*Required work*:
Of all the lines below, return only those starting with the line holding "Wholesale New simulation" and going on through the line holding "Dárková sada s", exactly as written.

*Available data*:
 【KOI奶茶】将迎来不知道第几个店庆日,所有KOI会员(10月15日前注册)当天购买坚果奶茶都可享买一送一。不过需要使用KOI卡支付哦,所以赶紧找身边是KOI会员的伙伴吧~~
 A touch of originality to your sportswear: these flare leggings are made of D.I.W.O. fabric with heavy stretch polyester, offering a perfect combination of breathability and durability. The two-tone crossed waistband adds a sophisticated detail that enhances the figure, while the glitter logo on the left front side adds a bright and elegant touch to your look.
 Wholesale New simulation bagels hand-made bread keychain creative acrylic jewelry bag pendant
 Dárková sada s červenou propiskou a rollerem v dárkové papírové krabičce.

...

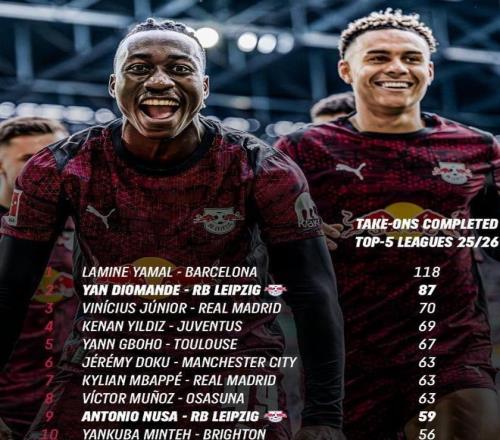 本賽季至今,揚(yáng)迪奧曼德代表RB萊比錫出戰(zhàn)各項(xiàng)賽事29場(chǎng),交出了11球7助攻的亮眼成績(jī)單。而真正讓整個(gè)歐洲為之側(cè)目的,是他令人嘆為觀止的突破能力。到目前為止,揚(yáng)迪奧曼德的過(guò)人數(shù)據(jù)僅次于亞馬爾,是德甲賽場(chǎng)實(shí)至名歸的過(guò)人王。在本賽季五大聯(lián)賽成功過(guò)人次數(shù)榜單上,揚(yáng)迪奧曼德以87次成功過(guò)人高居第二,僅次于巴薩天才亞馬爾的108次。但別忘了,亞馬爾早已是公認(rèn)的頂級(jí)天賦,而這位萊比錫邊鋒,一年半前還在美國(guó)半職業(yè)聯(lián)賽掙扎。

*Result below*:
 Wholesale New simulation bagels hand-made bread keychain creative acrylic jewelry bag pendant
 Dárková sada s červenou propiskou a rollerem v dárkové papírové krabičce.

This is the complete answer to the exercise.